A3121/S4674          SUM Benefits Removal of $250,000 maximum.

This bill was reported to the Assembly floor recently, and it is identical to a prior bill from the 2013-2014 Legislative session which had passed the Assembly but died in the Senate. 

Currently, the purchase of SUM coverage is optional to insureds, and the Governor had previously vetoed legislation which sought to require an insured to actively opt out of the coverage rather than opt to pay for the coverage.  This bill would require the following language at the time of purchase of an auto policy:

SUM insurance protects any insured under the policy if they are injured in an accident caused by a driver who has no insurance or less insurance than you carry.  SUM coverage may be purchased at limit up to the level of bodily injury liability coverage of the policy.  Policyholders are urged to carefully consider this in determining the level of SUM coverage to purchase.

The bill would then require, on the same page as the above notice that the insured be offered a choice of purchasing:

  1. SUM coverage equal to the level of bodily injury limits on the policy;
  2. SUM coverage at limits less than bodily injury limits on the policy; or
  3. A mandatory minimum SUM coverage.


Additionally, the agent or insurer would be required to disclose to the insured what SUM coverage is and what premiums would apply at each level of coverage.  

While the SUM coverage would remain optional, the bill would require strong recommendations of purchasing SUM coverage, and it would remove the current $250,000 maximum limit.



Jennifer A. Ehman
[email protected]

Enjoying the new baby.

Earl K. Cantwell
[email protected]

02/04/15       Nationwide Mutual Fire Insurance Co. v. McDermott
Sixth Circuit
“High” Court Disclaims Property Damage Caused By Pot Growing Operation
The policyholder had a homeowner’s policy with Nationwide Mutual.  Her husband set up a marijuana growing operation in the basement, and began using a procedure called “butane extraction” to manufacture a byproduct known as “honey oil” which was more lucrative than marijuana itself.  However, as one might expect where butane is involved, fireworks ensued.  The operation caused a fire that destroyed the house, and the policyholder made a claim under her Nationwide policy. The insurance company paid over some $160,000.00 on the loss, but then filed suit declaring it did not owe the coverage, and sought a judgment seeking recovery over of amounts paid out.  The homeowner countered that Nationwide breached the insurance contract and Michigan law regulating fire insurance policies. 

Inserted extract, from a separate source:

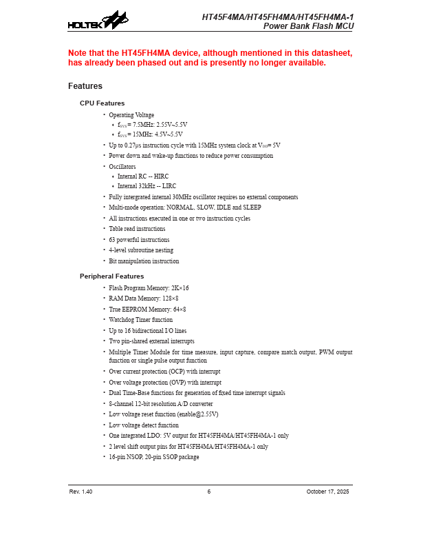 HT45FH4MA-1 Description

The trial court granted summary judgment to Nationwide, and held it was entitled to recover about $140,000.00 it paid out, including some $131,000.00 paid to JP Morgan Chase Bank, the mortgage holder.  On appeal, the homeowner argued she was entitled to coverage because she was an “innocent co-insured” under Michigan law.

Nationwide Mutual argued that an endorsement to the policy expressly required the homeowner to notify Nationwide of any “change in the use” of the premises.  The appellate court agreed that the homeowner did not comply with this notice obligation because she did not inform Nationwide Mutual when her husband began using the basement to commercially grow marijuana.  This was a change in use that would have had an impact on the premium risk and underwriting since it was not a minor rearrangement or modification to the property but an elaborate marijuana processing facility.  Therefore, the appellate court held that the endorsement barred recovery under the policy.

This first point of this case is that the insurance company was fortunate that most of the insurance proceeds went to JP Morgan Chase, a solvent party from whom to recover repayment. 

Secondly, the case focused on the “change in use” endorsement, and the obligation of the policyholder to notify the carrier of any significant change in use that would affect the underwriting analysis and risk involved.  This change in use also changed the nature of the property from purely residential to at least a quasi-commercial operation. 

Third, this is at least one instance where in examining insurance coverage and claims the courts did not succumb to reefer madness.